Стали допрашивать охрану президентской резиденции: не ошивался ли кто из посторонних там в означенный день? Охрана дружно ответила: такого быть не может. Правда, один из охранников вспомнил что во время очередного обхода служебных помещений он обнаружил, в коридоре, ведущем к шифровальной комнате, преогромнейшего кота черной масти. Характерная деталь: на голову кота была напялена флотская бескозырка с надписью золотыми буквами «Черноморский флот». Охранник решил, что какой-то подвыпивший моряк подшутил над безответным животным. Но приглядевшись, он увидел, что ленты безкозырки кот прихватил зубами – так обычно поступают моряки во время шторма. Стало быть, флотский головной убор пришелся коту по душе.

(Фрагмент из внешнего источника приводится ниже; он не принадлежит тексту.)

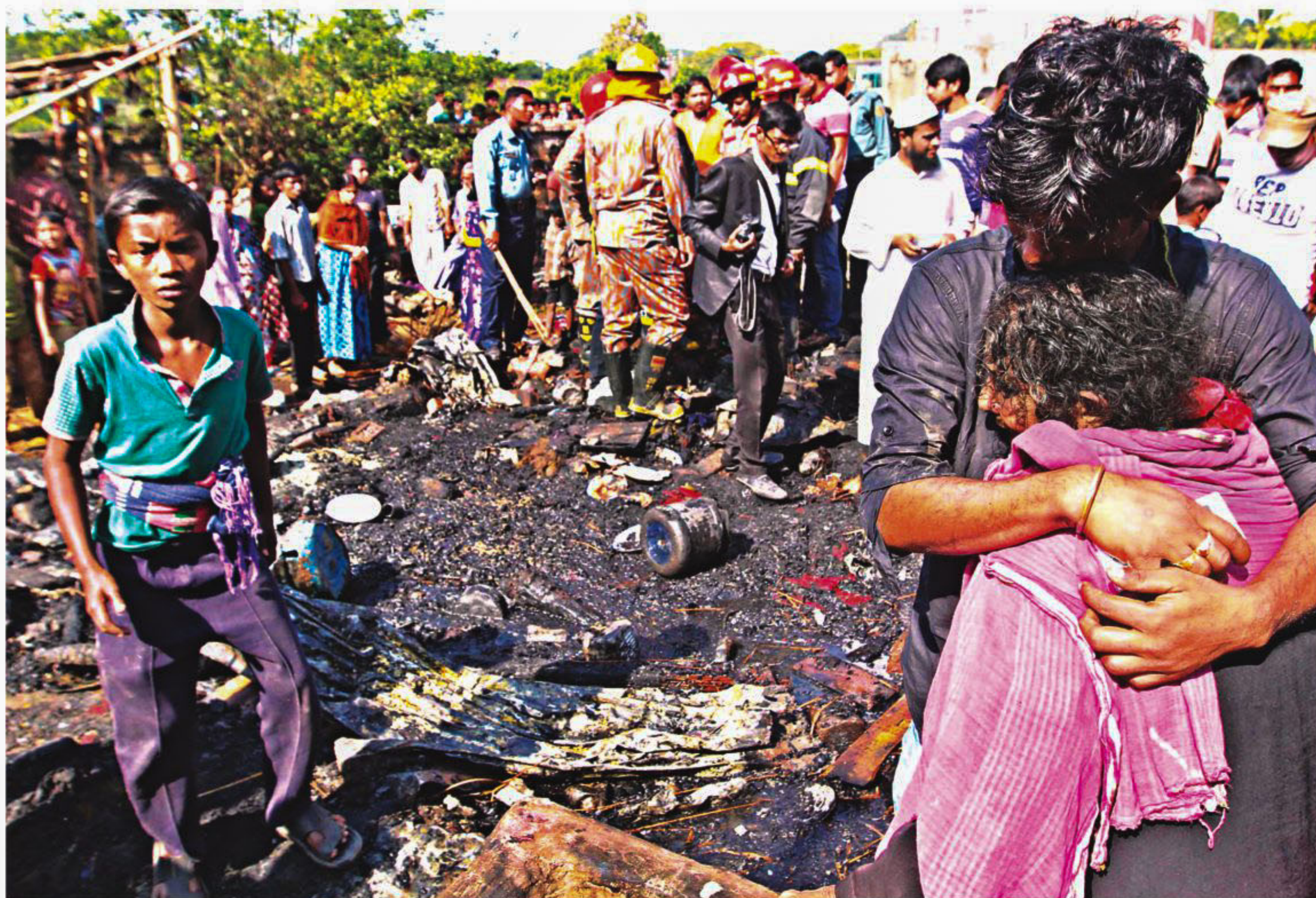
A man trying to console an elderly woman amid the ashes of her home, which along with two other houses on Railway Station Road Colony in Chittagong city was burnt down in a fire from an electric short-circuit yesterday.

The money was kept at the office to finance subversive activities ahead of SEE PAGE 10 COL 2

По словам того же охранника, кот в бескозырке вел себя вполне миролюбиво, выгибал дугой спину, терся о ноги. Он настолько понравился охраннику, что тот решил его покормить, и побежал на кухню за едой. Когда он вернулся в коридор с порцией сосисок повышенной калорийности, никакого кота там уже не было.
Однако закончим с шифрограммой. Председатель КГБ показал на следствии, что тотчас после ее получения он созвал совещание с участием всех упомянутых в ней лиц. На нем было принято решение ввести в Москву войска с танками и БТРами.
И началось буквально светопреставление. На командиров воинских подразделений, введенных по холодку утром в город, обрушились по радио приказы высшего командования. Кто их конкретно отдавал, было совершенно непонятно. По-видимому, разные лица, поскольку каждый новый приказ обязательно противоречил предыдущему. Эфир на обговоренных заранее частотах наполнился россыпями морзянки. Периодически ее покрывал то трехэтажный мат, то душераздирающее мяуканье. А еще прорывалась трансляция оперы Шарля Гуно «Фауст» с участием Лючано Поваротти, Николая Гяурова и оркестра под управлением Герберта фон Караяна.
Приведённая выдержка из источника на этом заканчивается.